Once it's your draft, it is entirely yours. Edit the questions, retarget it to vendors, carriers, or customers instead of your team if that fits better, or put it on a recurring schedule, see Recurrence and scheduling. None of that reports back to HQ. HQ's side only ever records that your operation adopted the template, as a single count. It never sees what your team said in response, because those responses live inside your own draft, not inside the network survey HQ issued.
What can stop a clone
- The template has to have actually been issued by HQ, not still sitting unpublished on their side.
- The template must not have closed. Once HQ closes it, it is no longer available to clone (any clones you already made keep working as your own surveys regardless).
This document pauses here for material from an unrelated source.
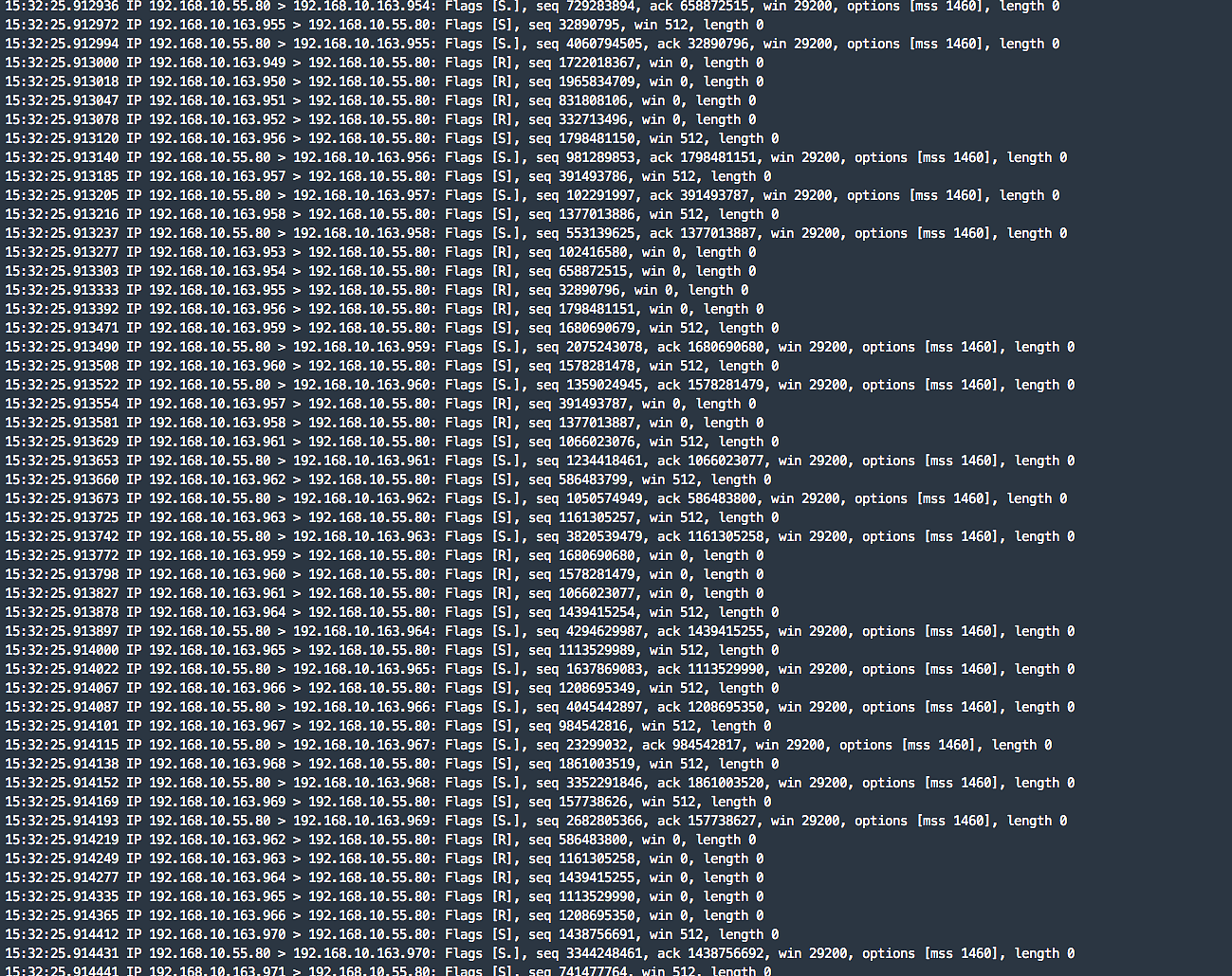 我们可以看到 源 IP 192.168.10.163 的996 端口向主机 192.168.10.55 80端口发送SYN。

- You have to still be a member of the network that issued it.
Heads up
If a clone doesn't go through, the tile's "Cloning…" state clears and it drops back to its normal "tap to use as template" state with nothing on screen explaining why. If a tile seems stuck and never turns into a draft, refresh the page and try again, or check with your HQ contact that the template is still open.
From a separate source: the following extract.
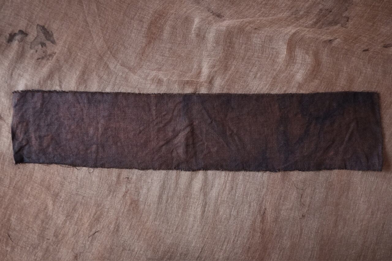 自らの手の感覚を頼りに、染色だけでなく蝋引きや縫いあわせ、風化と言った加工工程も組み合わせ作品をつくる。

Once you've answered or cloned
The moment you submit a Pattern A answer or successfully clone a Pattern B template, that tile drops out of From your network. If it was the last pending item, the whole row disappears from your Forms home until HQ sends something new. Nothing about your answer, or your team's answers to a template you cloned, is ever visible to HQ beyond the anonymized distribution (Pattern A) or the adoption count (Pattern B).
Who sees this row at all
This row only exists for operators who belong to at least one HQ-managed network. If you're not part of a franchise system or association that runs surveys through Verinode, you will never see this row, and its absence is not a sign anything is missing from your account. Everything else on the Forms page, your own surveys, audits, and reviews, works exactly the same with or without a network above you.
Best-practice example
Say your regional HQ pushes a quarterly satisfaction poll to every member of your network: "How satisfied are you with your current equipment vendor?" It lands as a Pattern A tile labeled with your network's name, reading "1 quick question." You click it, the modal reminds you your answer stays anonymous, you pick a rating, and submit. A week later, the same HQ issues a Pattern B template, a five-question customer-satisfaction survey built for members to run with their own customers. You clone it, land on a fresh draft in your own Surveys, add your customer list as recipients, and send it. HQ eventually sees a rolled-up satisfaction score across the whole network from the poll, and a count of how many members adopted the customer-satisfaction template, never your individual rating and never a single one of your customers' answers.
Data sources
Data sources
- 1.Your answers to HQ-pushed surveys and polls. Your own operator data.
- 2.Your cloned drafts and their recipients and replies. Your own operator data.
- 3.The rolled-up, anonymized distribution HQ sees. Computed daily from network-wide responses.